From George Washington to Lieutenant General Rochambeau, 29 January 1781
To Lieutenant General Rochambeau
Head Qrs New Windsor 29th Jany 1781.
Sir,
I have the pleasure to inform your Excellency that the detachment sent against the Mutineers as Mentioned in my last,1 surrounded them in their Quarters on the Morning of the 27th and demanded an immediate surrender, which was complied with on their part without the least attempt to resist—Two of the principal actors were executed on the spot & the remainder pardoned. From the appearances of penitence & submission among them, it was deemed unnecessary and inexpedient to extend the punishment to a greater Number.2
I believe I may venture to assure your Excellency that the spirit of Mutiny is now completely subdued and will not again shew itself. In the present instance indeed it was very partial; for the Mutineers amounted to only two hundred, a great part of the line having refused to participate in their crime.
I requested Mr Dumat to inform you of the success of a little enterprise against a Corps of the enemy at Westchester. I have since received an official account. Fifty two of them were made Prisoners, a large quantity of Forage destroyed & a considerable number of Horses & Cattle brought off—with scarcely any loss on our side. The execution required hardiness and address the position of the Corps attacked being three or four miles within the Enemy’s redoubts—A bridge across Harlaem under the protection of one of the Redoubts was burnt to prevent reenforcements coming speedily from the Island.3
Recent letters from Virginia give me the particulars of Arnolds incursion to Richmond—He burnt there some public & private Stores & buildings, a foundery and some other public works in the vicinity; and afterwards retired to Westover, where he first landed, five & twenty miles from Richmond—This part of the Country is so thinly inhabited, that no force could be assembled in time sufficient to give him any material opposition. It was expected he would immediately reimbark from Westover.4 Virginia intersected as it is with large navigable rivers is greatly exposed to these kinds of predatory Expeditions—nor is there any remedy against them but a Naval superiority—I think it probable the Enemy will continue to disquiet that State & divert its force from the Southern extremity—while they push their operations there.

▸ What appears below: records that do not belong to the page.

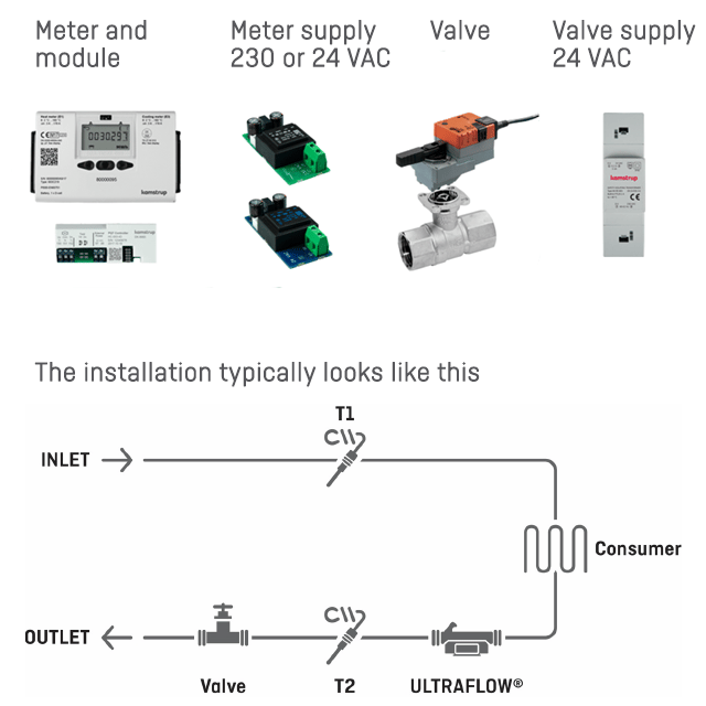 One possible solution is to take advantage of the Kamstrup smart meter already installed in the network, simply by adding a regulator module and a valve.
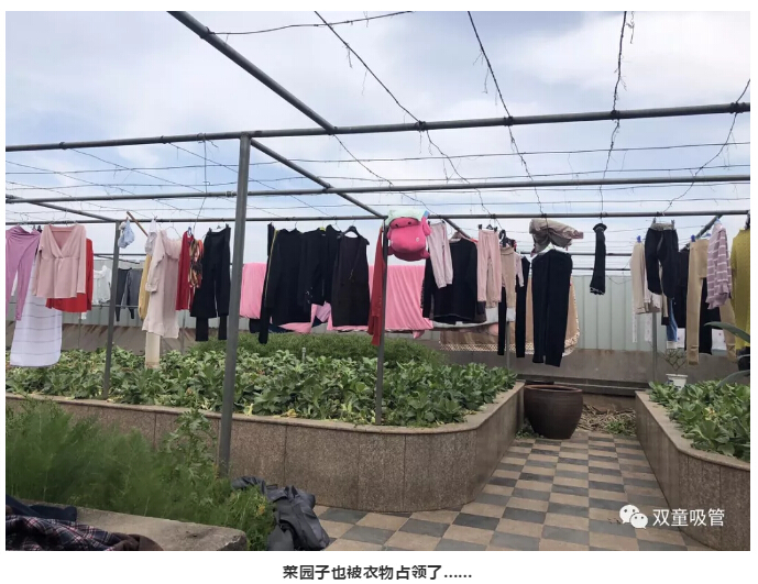 瞧!“雙童”人捂了一個(gè)月的衣物、被子曬滿了晾衣平臺(tái)!就連平時(shí)空著的屋頂菜園都被占領(lǐng)的滿滿當(dāng)當(dāng)?shù)?,和綠油油的蔬菜交相輝映……
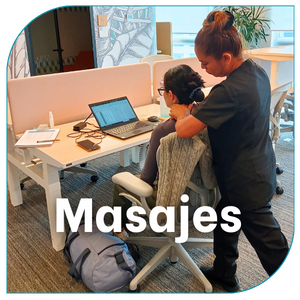 Masaje de 5 minutos en el lugar de cada persona, enfocados para la liberación de tensión en antebrazos, manos y dedos.

Leslie with his detachment having landed at Charles Town was marching to form a junction with Cornwallis—This being performed will enable him to recommence the offensive; and we have to apprehend with too much success, as General Greene’s accounts of his situation are far from being flattering. He had taken a new position on the left of Charlottesburg at a place called Checaws on the East side of the river Pedee which gives the command of a Country more abundant in itself & less exhausted by Military operations—He had previously established a Post on the Southside of the Catawba near the forks of Broad river to straiten the limits of the enemy and cover the upper Country.5 His disposition as far as I can judge at this distance and with an imperfect knowledge of the Country seems judicious. I have the honor to be with perfect attachment Yr Excellency’s Most Obedt & Hble Servt
Go: Washington
ALS, CtY-BR:R; Df, DLC:GW; Rochambeau’s French translation, CtY-BR:R; LB, in French, DLC: Rochambeau Papers, vol. 7; Varick transcript, DLC:GW.
3. Another sentence appears at the end of this paragraph on the draft, which is in the writing of GW’s aide-de-camp Alexander Hamilton: “The success would in all probability have been more complete had not a heavy rain the preceding night rendered a particular pass so difficult as to make it necessary to transport the infantry across on horse back, which produced a delay that accidentally gave notice of the approach.”
For the report of the attack on this Loyalist corps, see William Heath to GW, 28 January. Rochambeau’s aide-de-camp Dumas had visited GW (see GW to Samuel Huntington, 24 Jan., source note).
4. See Steuben to GW, 8 Jan., and Thomas Jefferson to GW, 10 January. Evidently, GW had not yet received Steuben’s letter to him of 11 January.
5. GW refers to Brig. Gen. Daniel Morgan’s detachment, which Maj. Gen. Nathanael Greene had dispatched from Charlotte, N.C., before moving the main southern army to the Cheraws district in South Carolina (see Greene to GW, 28 Dec. 1780).